Sunday, September 24, 2006

Safety vs Efficiency

I’ve been thinking about a number of instances where we’ve traded energy for safety.

SUV’s, and heavier cars in general. A lot of environmentally minded people don’t like SUVs. The arguments from the anti-SUV crowd:
1. They guzzle gas.
2. They are unfairly classified as cars when they are really light trucks. This gives a tax break to owners.
3. Although some people use them for their designed purpose, most SUV owners buy them for image. Most SUV’s are never taken off-road. Many in southern climates are never put into four-wheel drive.
4. They make the roads less safe for everyone. In a collision between a small car and an SUV, the small car loses.

My comments: I’m not too much of an SUV hater. In fact, I own one, and it’s nice in snowy conditions and for the one or two times a year we take it off the road. I agree with item (2); we should revise the classifications. I do appreciate the complaint of item (3), and if we do feel an energy crunch, we might regret the significant cost we collectively paid to make ourselves feel macho. But I wouldn’t push the point too far, because we as individuals have the right in this country to make our own personal choices, and if we choose image over cost then that’s our business.

It’s the safety item that bothers me.
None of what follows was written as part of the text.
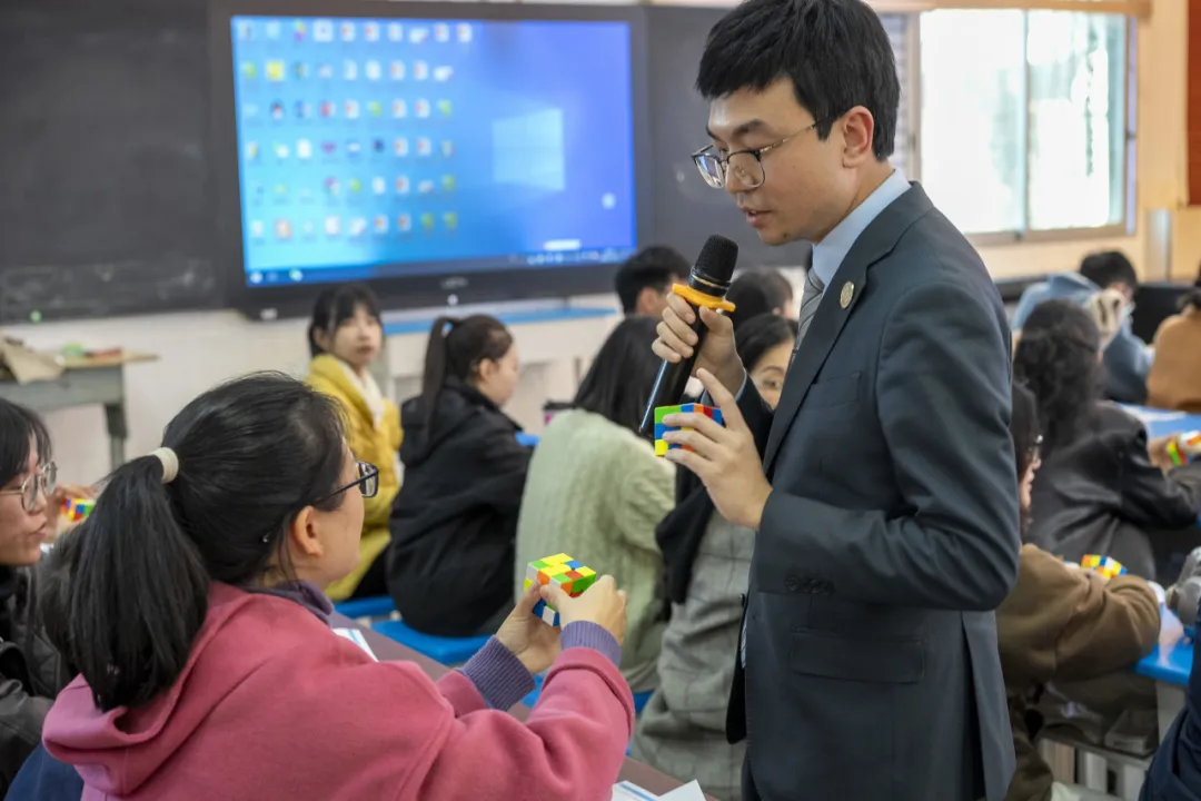 厦门魔方全能王、摇骰子单排叠高世界纪录保持者、解华容道“横刀立马”世界纪录保持者、水下憋气双人单手还原三阶魔方时间最快世界纪录保持者叶佳希老师与尤溪籍独立钻石世界记录保持者连萌圣老师则为小学中高段数学教师们带来了三阶魔方和汉诺塔课程。
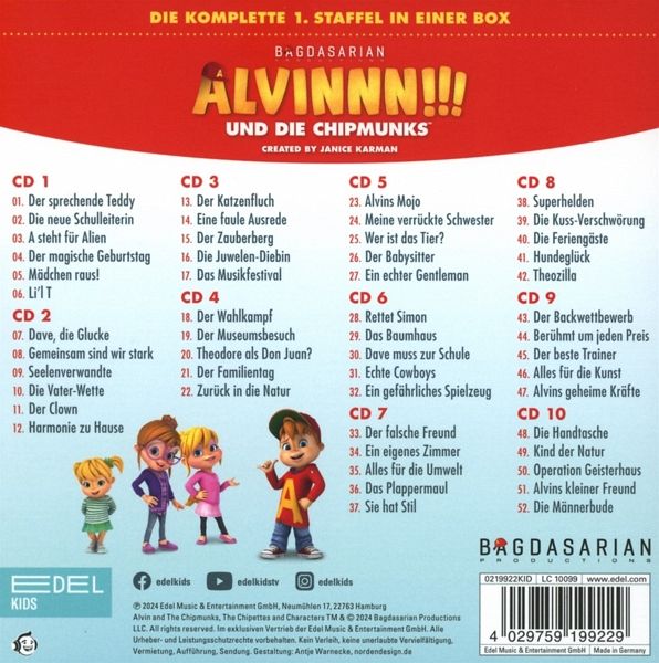 | 9 | Der Backwettbewerb / Berühmt um jeden Preis / Der beste Trainer / Alles für die Kunst / Alvins geheime Kräfte | 00:02:08 | |

That’s the point at which our personal decisions cross over and affect the people around us. Two issues here: actual crashes themselves, and then the psychological threat of crashing that keeps people from buying smaller cars. I haven’t quantified either (is the risk of crashing really worth worrying about), but I do know people who drive large cars for safety.

I think the standard economics approach here would be to add some sort of safety surcharge on SUV purchases. The surcharge could either be a tax, or a sum that goes into an insurance pool. Partly to discourage their use; partly to compensate the rest of us, somehow. That kind of makes sense, but I’m not sure how much it would work. I mean, if thought there was a significant risk in driving a Honda Civic down the highway, I wouldn’t let an extra grand or two stop me from getting an SUV. I also wonder if such an approach could backfire; I can see some people paying the safety surcharge and acting like it’s a license to drive aggressively. (Well, probably not; just a thought.)

Here’s another example of the tradeoffs between safety and efficiency: child car seats. In the old days I can remember cramming four adults and five kids into a mid-size sedan, with the kids sitting on laps. These days, when my parents come to visit, if we want to go anywhere as a family it takes two cars to drive four adults and two kids. Man that annoys me. Someday we’ll get a minivan, but until then we’re stuck.

Makes you wonder though; how much gas has been burned since the requirement of using child car seats? I’m not saying that was a bad rule, not at all. Just that there was a cost to it. Already, personal observation leads me to believe that car seat usage is correlated with socio-economic status. If the price of gas increases sharply, it doesn’t take a genius to predict that you will see the rule be ignored more and more often (or we’ll come up with other solutions).

Again, I’m not saying that it’s a bad choice to trade energy for safety. But if the cost of energy increases, we will have to revisit some of those decisions, and that will be hard.